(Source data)
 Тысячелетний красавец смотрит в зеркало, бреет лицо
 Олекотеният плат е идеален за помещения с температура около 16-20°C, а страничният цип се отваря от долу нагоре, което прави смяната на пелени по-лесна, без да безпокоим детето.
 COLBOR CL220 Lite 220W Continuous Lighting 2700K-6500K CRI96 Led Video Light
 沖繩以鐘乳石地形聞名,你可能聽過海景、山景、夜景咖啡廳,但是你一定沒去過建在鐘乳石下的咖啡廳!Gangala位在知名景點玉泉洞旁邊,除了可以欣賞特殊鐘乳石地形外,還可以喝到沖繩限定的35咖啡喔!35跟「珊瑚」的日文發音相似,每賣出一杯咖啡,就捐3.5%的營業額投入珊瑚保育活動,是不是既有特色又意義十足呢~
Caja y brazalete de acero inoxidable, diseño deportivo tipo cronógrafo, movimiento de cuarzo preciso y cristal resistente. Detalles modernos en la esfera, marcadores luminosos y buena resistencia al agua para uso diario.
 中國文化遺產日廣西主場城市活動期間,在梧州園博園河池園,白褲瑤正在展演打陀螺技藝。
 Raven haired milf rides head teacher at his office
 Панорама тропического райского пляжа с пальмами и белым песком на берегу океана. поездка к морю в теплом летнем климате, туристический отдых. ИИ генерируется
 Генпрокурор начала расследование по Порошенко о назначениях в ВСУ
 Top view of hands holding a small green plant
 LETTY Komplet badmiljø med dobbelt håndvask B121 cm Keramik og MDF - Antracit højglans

...

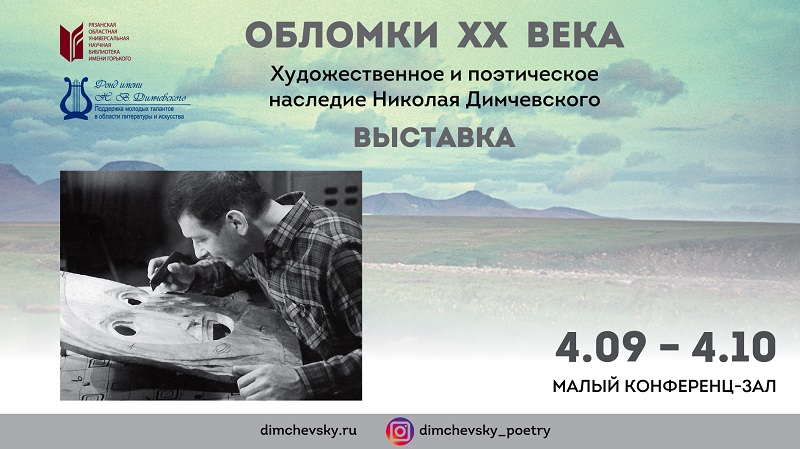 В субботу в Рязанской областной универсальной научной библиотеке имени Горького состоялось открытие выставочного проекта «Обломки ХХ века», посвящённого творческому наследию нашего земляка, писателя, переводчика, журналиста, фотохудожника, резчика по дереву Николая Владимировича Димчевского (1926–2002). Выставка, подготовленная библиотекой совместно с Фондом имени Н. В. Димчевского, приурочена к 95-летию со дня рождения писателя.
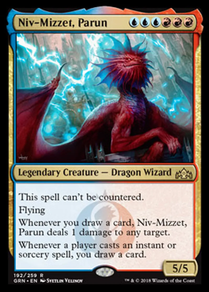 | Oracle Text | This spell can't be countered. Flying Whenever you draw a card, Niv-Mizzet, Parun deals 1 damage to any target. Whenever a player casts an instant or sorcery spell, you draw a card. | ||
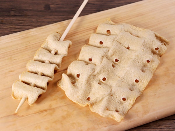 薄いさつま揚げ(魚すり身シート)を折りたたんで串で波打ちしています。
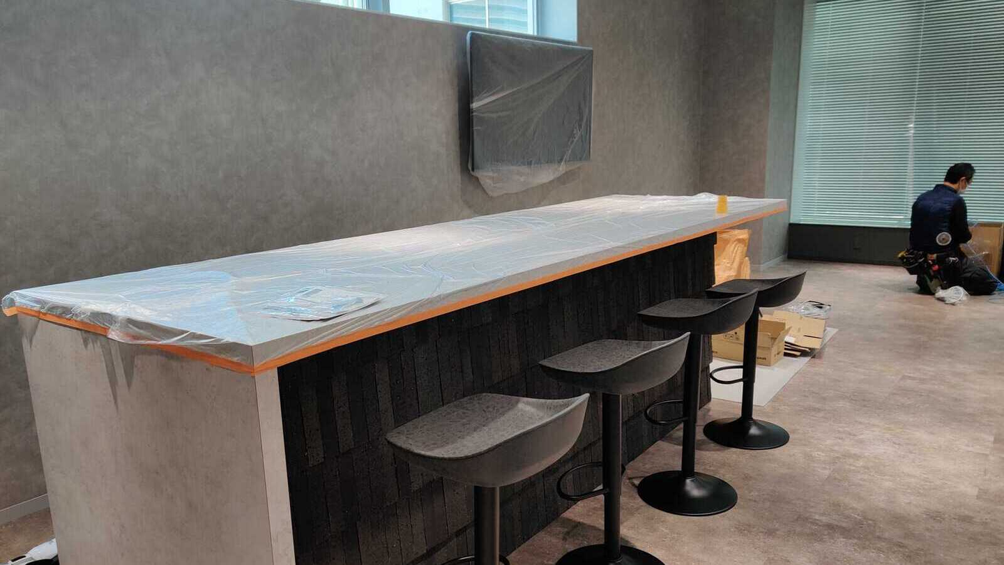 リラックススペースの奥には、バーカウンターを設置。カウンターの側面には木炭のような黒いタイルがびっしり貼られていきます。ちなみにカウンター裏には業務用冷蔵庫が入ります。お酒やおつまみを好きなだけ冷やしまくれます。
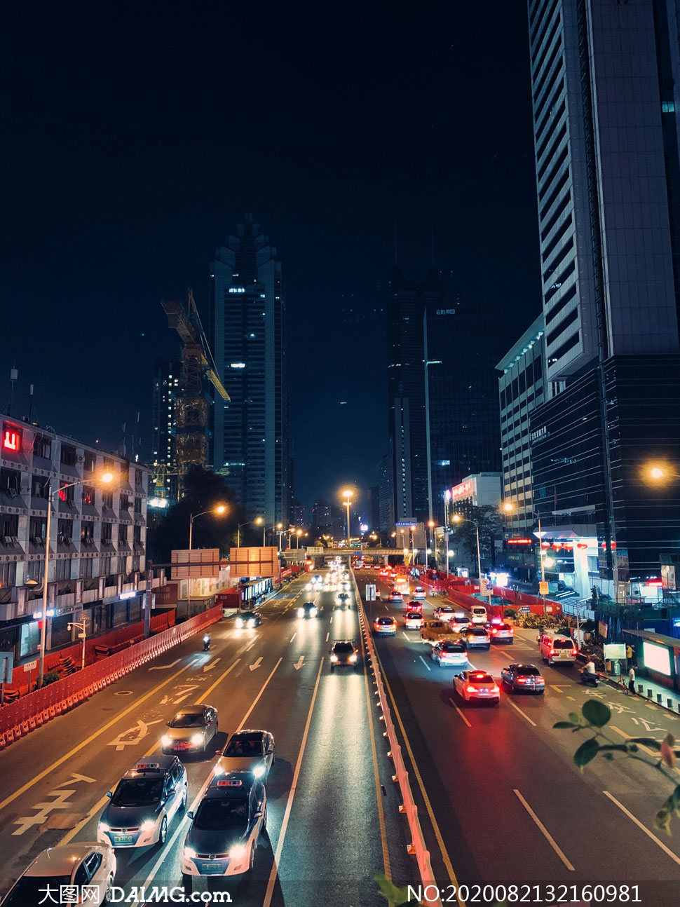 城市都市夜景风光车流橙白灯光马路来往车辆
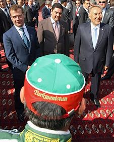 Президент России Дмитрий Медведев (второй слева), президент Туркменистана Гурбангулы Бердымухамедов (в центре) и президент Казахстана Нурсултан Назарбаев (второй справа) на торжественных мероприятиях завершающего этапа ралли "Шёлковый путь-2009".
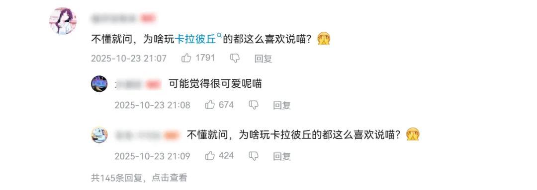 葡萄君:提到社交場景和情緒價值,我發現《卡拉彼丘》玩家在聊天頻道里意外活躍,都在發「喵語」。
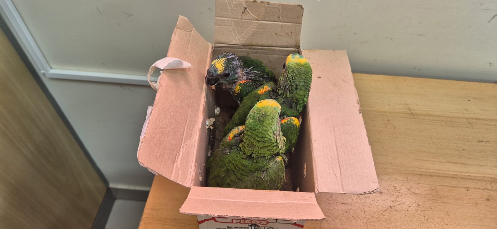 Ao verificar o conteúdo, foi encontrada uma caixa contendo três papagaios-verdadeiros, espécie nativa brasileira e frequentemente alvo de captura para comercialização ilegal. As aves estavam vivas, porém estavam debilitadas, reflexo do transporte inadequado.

_WORK REQUEST_
Starting with the line above that holds "Raven haired milf" and stopping with the line that holds "Top view of", reproduce each line exactly, omitting all other lines.

_ANSWER_
 Raven haired milf rides head teacher at his office
 Панорама тропического райского пляжа с пальмами и белым песком на берегу океана. поездка к морю в теплом летнем климате, туристический отдых. ИИ генерируется
 Генпрокурор начала расследование по Порошенко о назначениях в ВСУ
 Top view of hands holding a small green plant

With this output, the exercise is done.